#### Exercise material
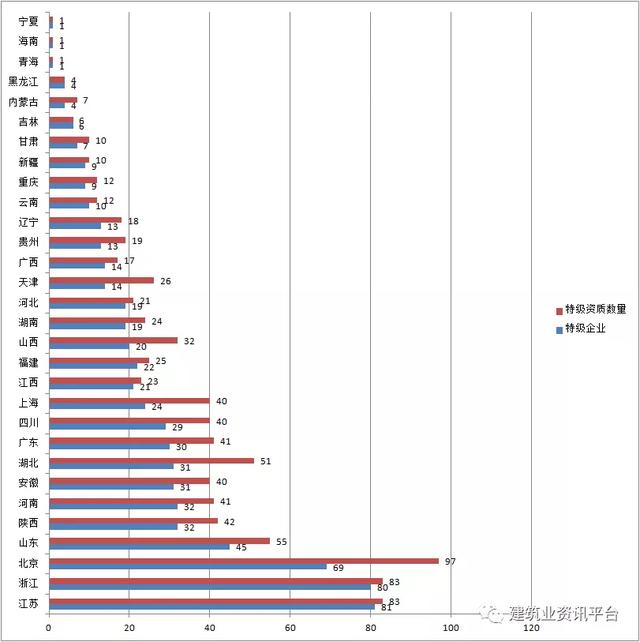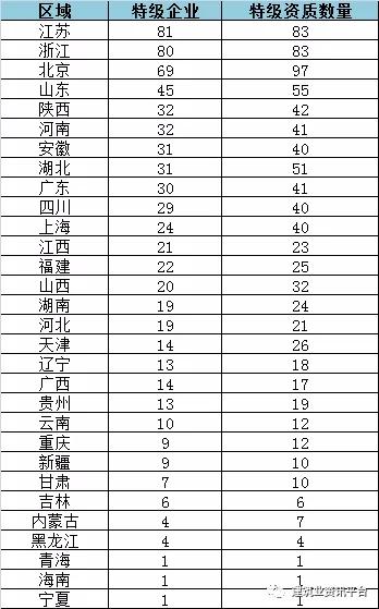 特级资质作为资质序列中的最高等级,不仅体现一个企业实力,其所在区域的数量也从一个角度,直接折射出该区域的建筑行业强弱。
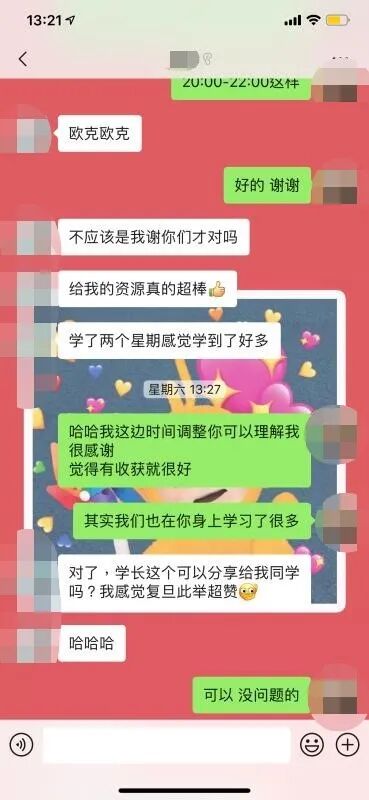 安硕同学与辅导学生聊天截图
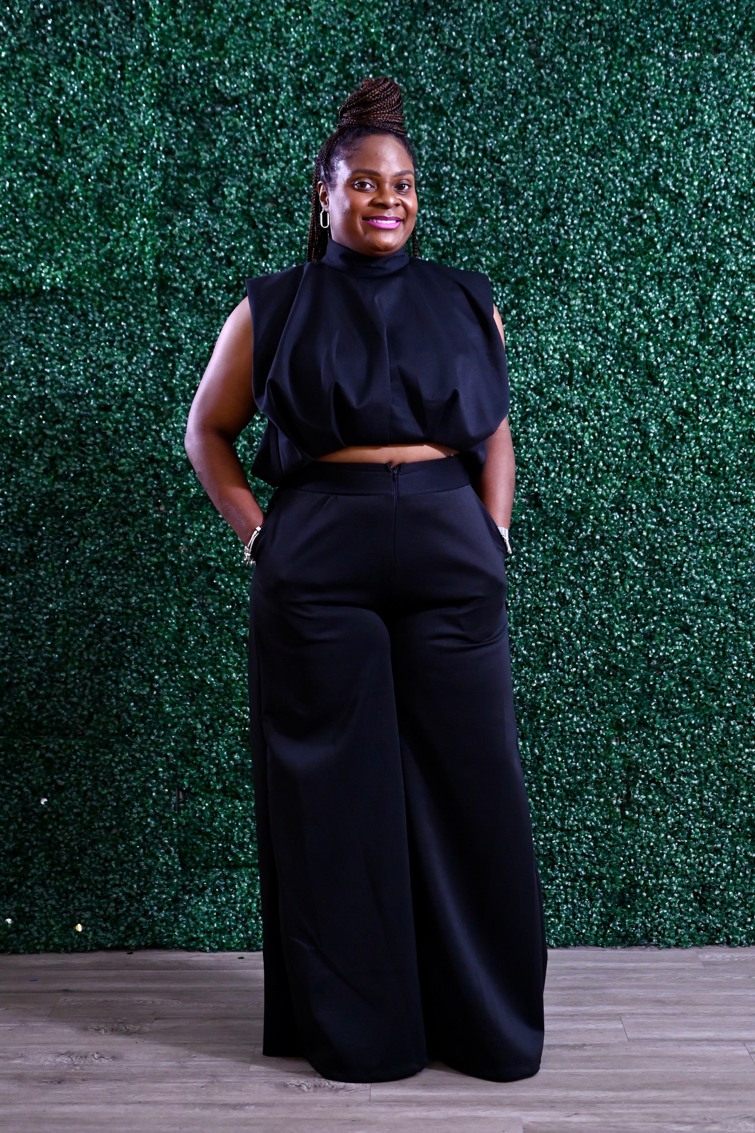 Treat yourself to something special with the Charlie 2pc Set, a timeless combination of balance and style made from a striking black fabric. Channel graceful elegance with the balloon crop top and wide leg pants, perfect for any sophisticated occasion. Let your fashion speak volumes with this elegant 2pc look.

==

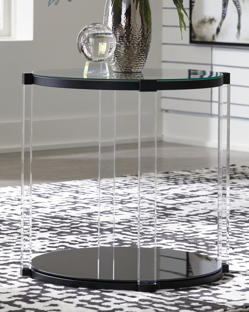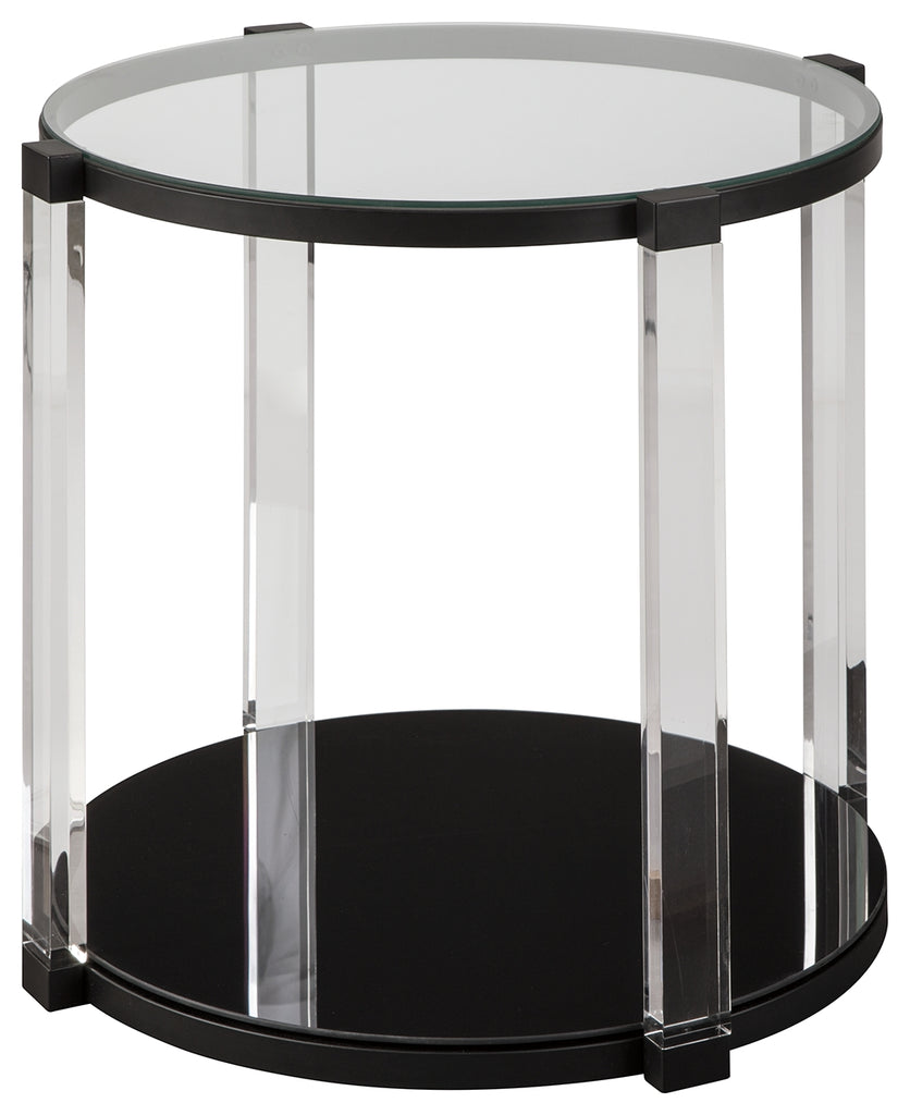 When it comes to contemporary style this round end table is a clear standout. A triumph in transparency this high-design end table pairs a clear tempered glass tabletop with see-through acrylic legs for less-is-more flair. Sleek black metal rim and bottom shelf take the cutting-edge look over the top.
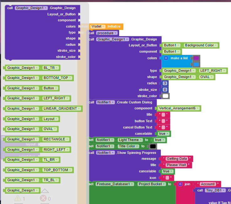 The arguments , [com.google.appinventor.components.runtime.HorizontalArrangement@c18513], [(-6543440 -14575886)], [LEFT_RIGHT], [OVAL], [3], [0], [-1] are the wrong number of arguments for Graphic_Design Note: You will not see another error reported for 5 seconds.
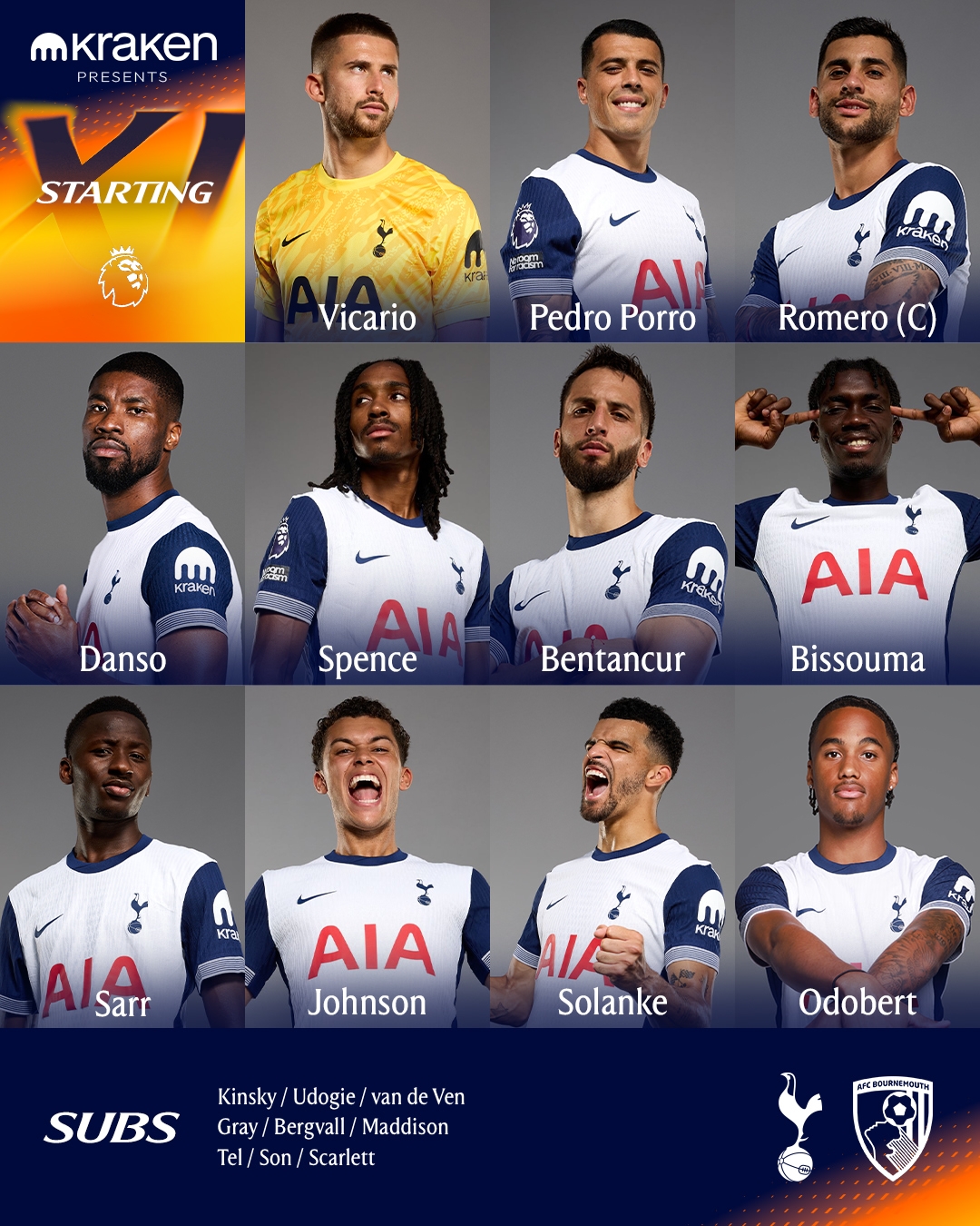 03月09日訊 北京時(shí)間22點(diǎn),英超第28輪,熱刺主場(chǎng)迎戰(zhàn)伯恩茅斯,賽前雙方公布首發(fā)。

--

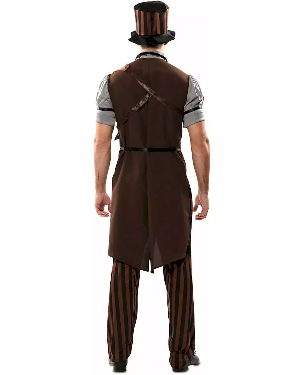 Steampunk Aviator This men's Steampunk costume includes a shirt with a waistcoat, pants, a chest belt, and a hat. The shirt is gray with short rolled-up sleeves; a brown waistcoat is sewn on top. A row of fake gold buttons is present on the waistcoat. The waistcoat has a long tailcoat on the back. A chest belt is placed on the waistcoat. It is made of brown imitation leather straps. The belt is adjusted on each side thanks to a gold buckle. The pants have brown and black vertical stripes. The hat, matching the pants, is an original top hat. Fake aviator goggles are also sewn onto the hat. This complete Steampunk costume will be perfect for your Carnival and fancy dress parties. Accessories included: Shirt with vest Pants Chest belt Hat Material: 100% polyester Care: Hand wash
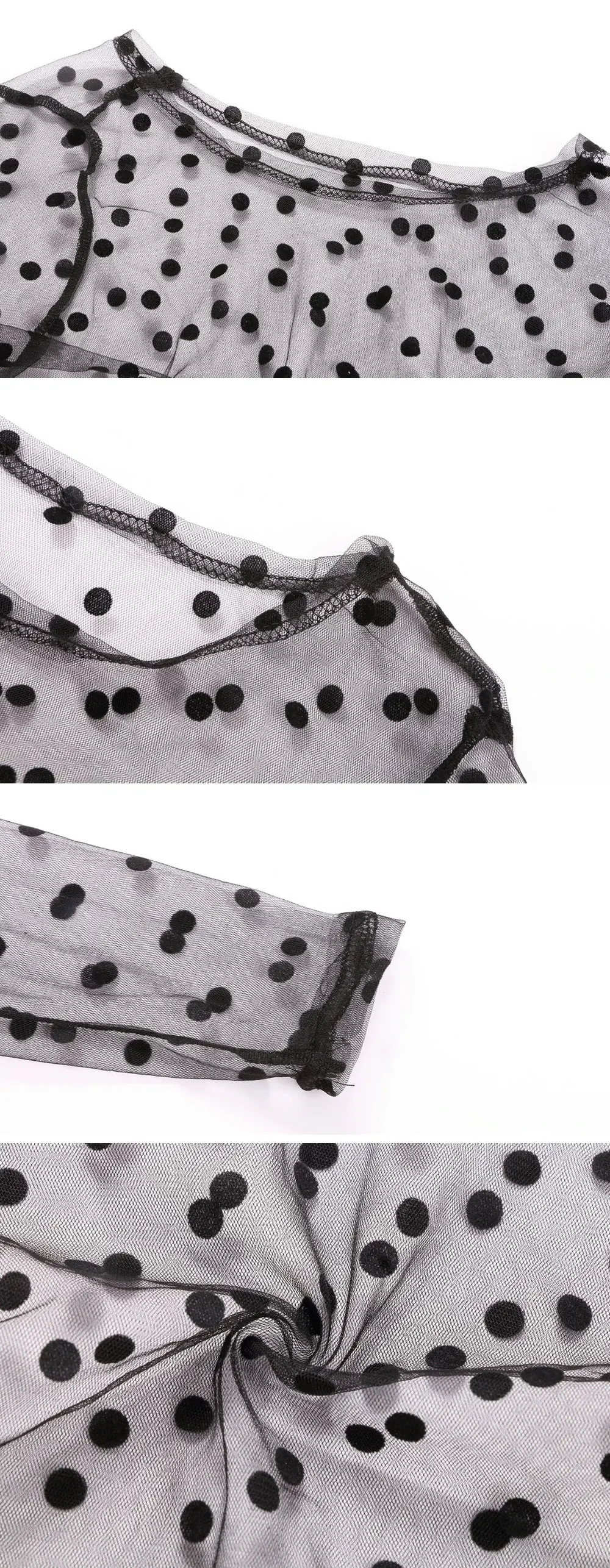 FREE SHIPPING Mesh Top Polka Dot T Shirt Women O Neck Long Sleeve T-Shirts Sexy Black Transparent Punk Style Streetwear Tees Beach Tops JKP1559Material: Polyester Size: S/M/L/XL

#### What is needed
Range to copy from the listing above: the line with "特级资质作为资质序列中的最高" through the line with "安硕同学与辅导学生聊天截图". Transcribe it exactly and skip the pictures.

#### Exercise response
 特级资质作为资质序列中的最高等级,不仅体现一个企业实力,其所在区域的数量也从一个角度,直接折射出该区域的建筑行业强弱。
 安硕同学与辅导学生聊天截图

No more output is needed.